Busca-se, em todo caso, que pessoas com deficiência tenham direito à igualdade de oportunidades com as demais, sem discriminação.
Por outro lado, à pessoa com deficiência, caso tenha algum comprometimento no discernimento, ainda insignificante para ocasionar incapacidade, pode ser-lhe reconhecido o estado de vulnerabilidade, apto a explicar a aplicação do regime protetivo do Estatuto da Pessoa com Deficiência.

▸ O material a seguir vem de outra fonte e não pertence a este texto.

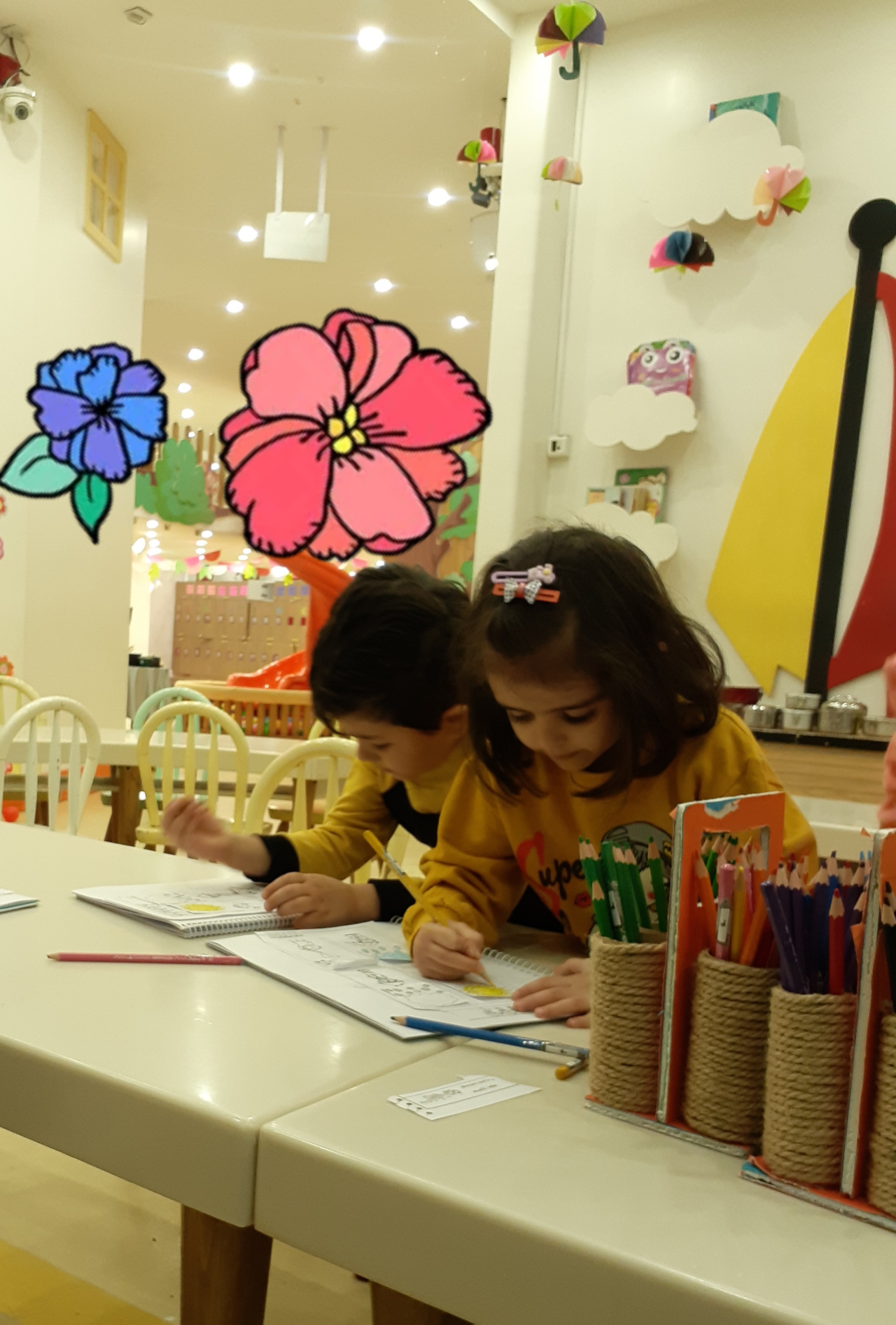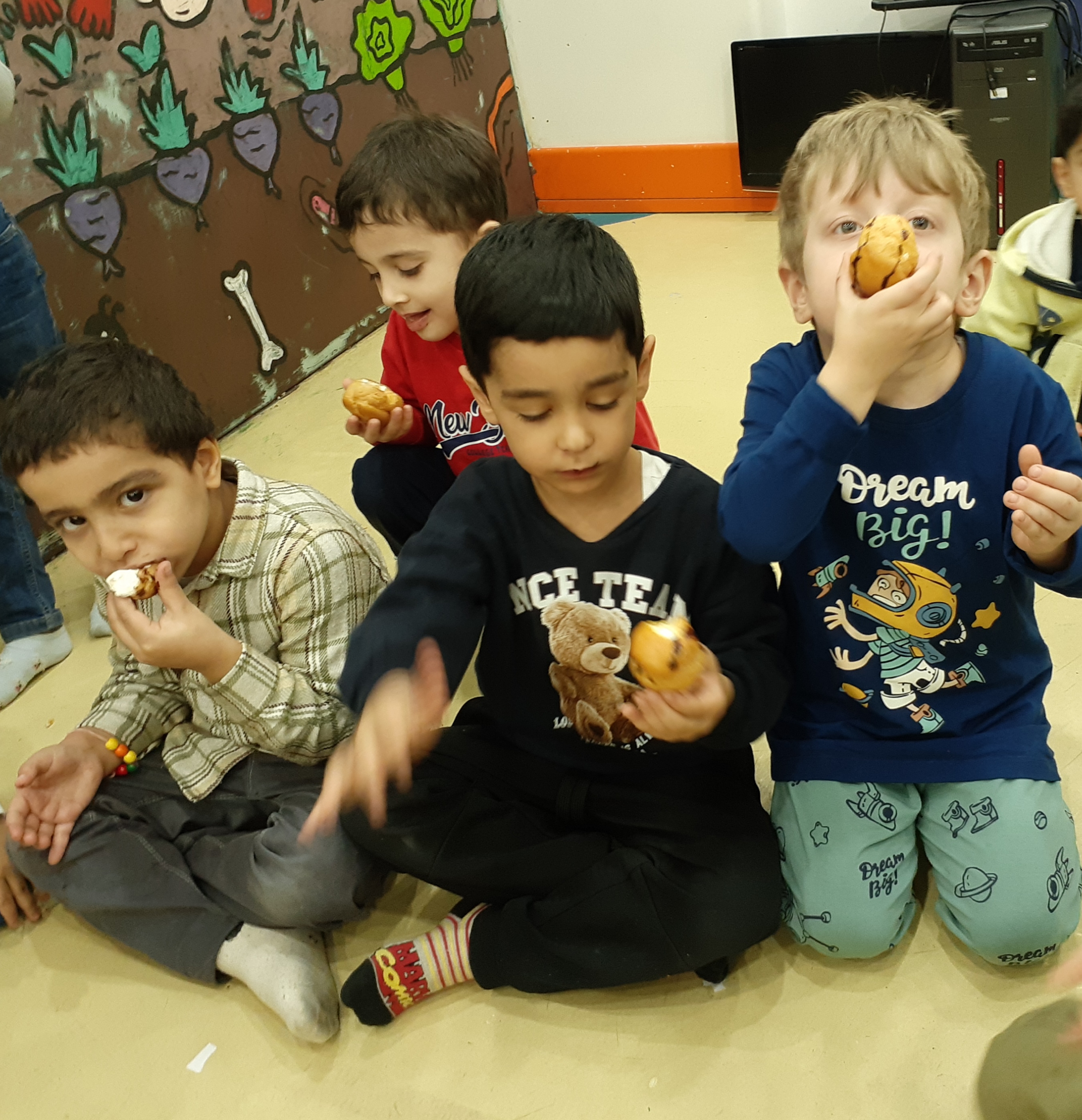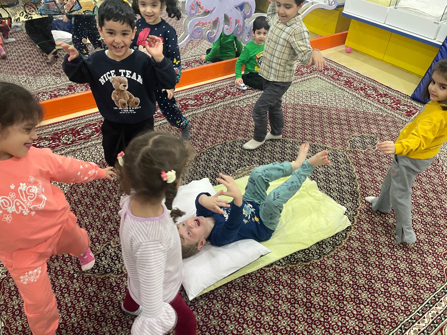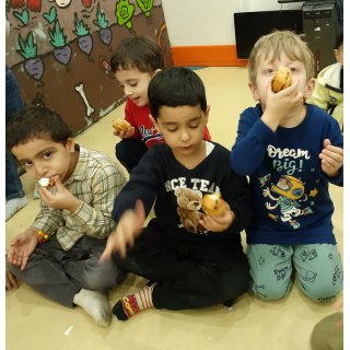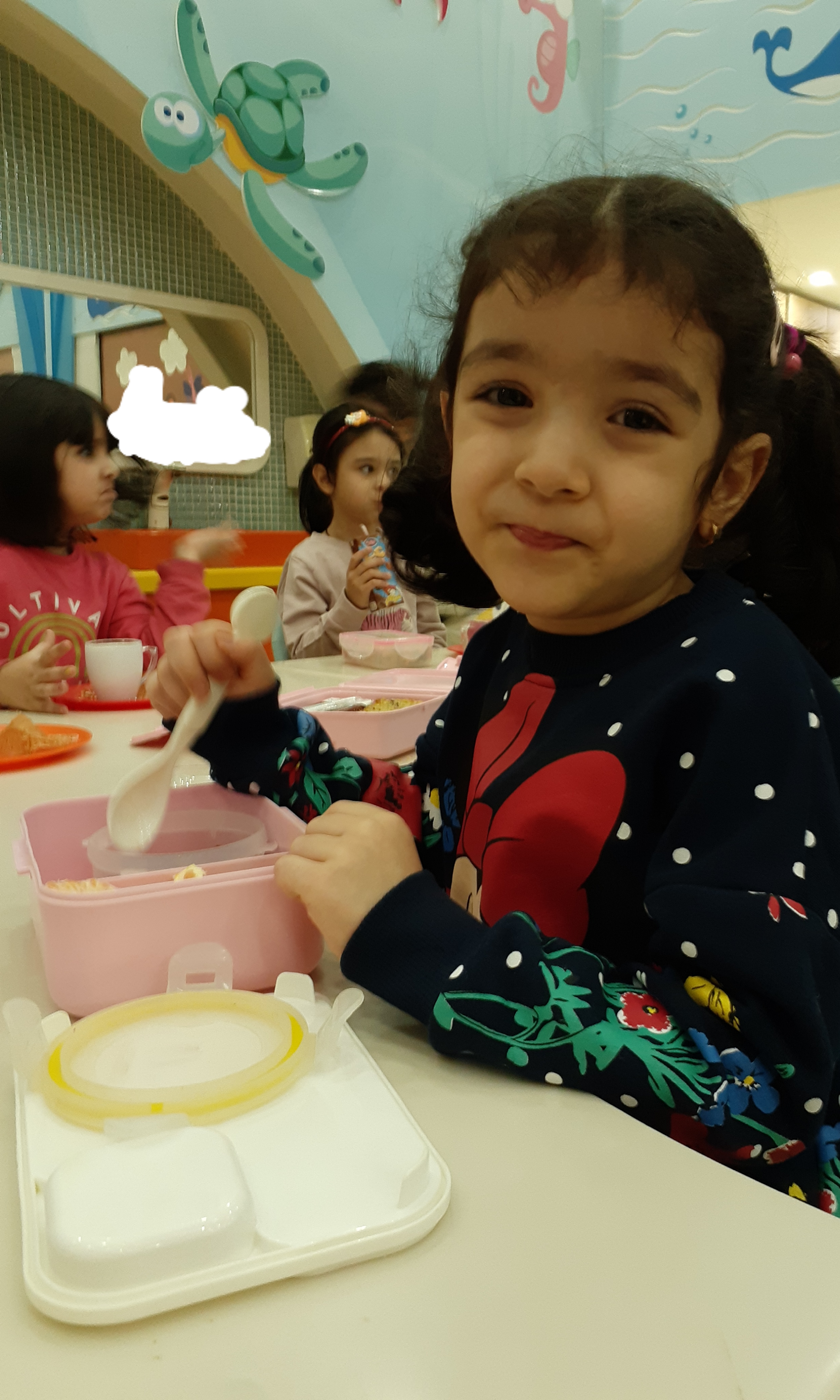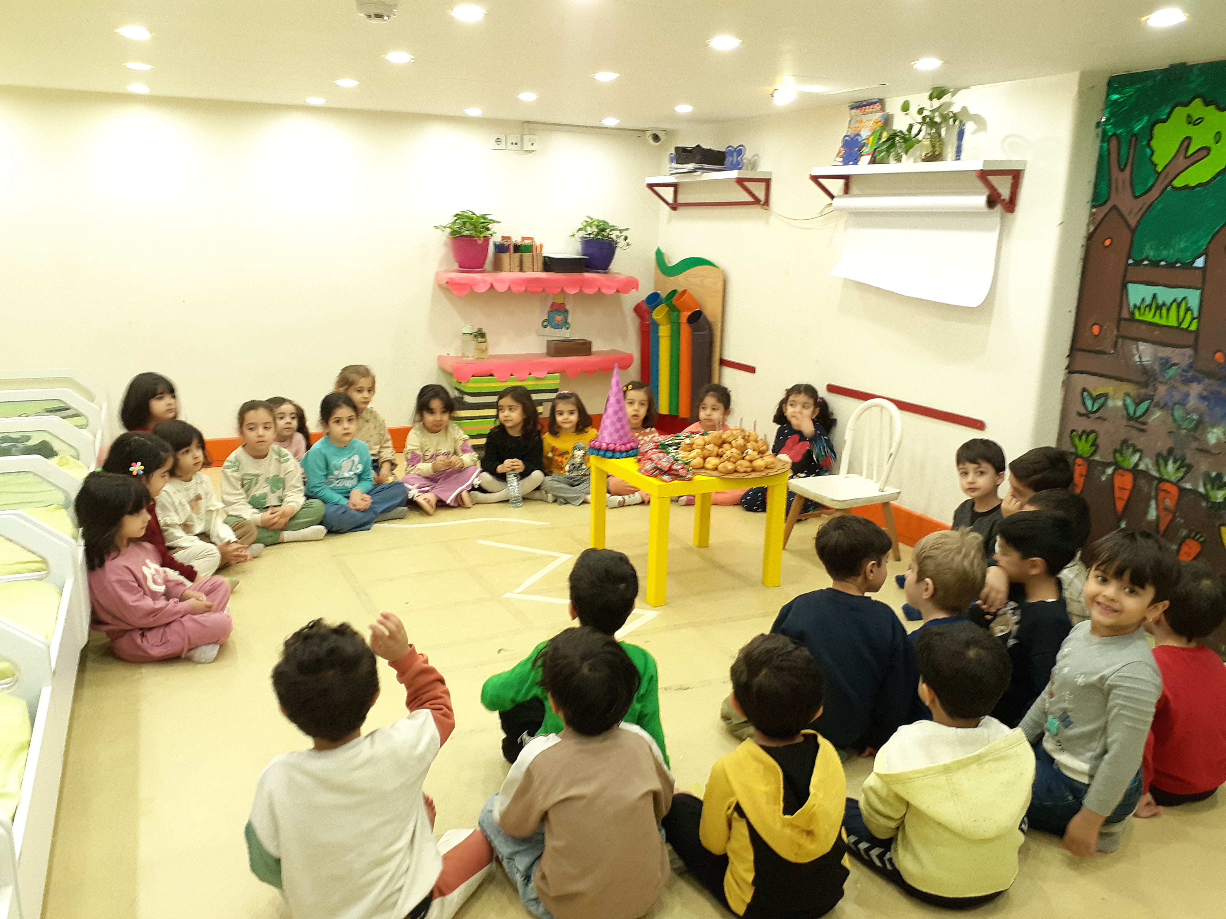 محاسن: اجرای نمایش دختر کوچولویی که مریض شده ،مهدکودک نرفته تا دوستاش مریض نشن ولی یه آسمون فرشته حواس شون هست تا همه ی بچه مسلمان ها خوبی ها براشون نوشته بشه و بعدش بچه ها کمپوت گیلاس خوردند.

Afinal, a regra é que a deficiência não afeta a plena capacidade civil da pessoa, inclusive para casar-se e constituir união estável; exercer direitos sexuais e reprodutivos; exercer o direito de decidir sobre o número de filhos e de ter acesso a informações adequadas sobre reprodução e planejamento familiar; conservar sua fertilidade, sendo vedada a esterilização compulsória; exercer o direito à família e à convivência familiar e comunitária; e exercer o direito à guarda, à tutela, à curatela e à adoção, como adotante ou adotando, em igualdade de oportunidades com as demais pessoas.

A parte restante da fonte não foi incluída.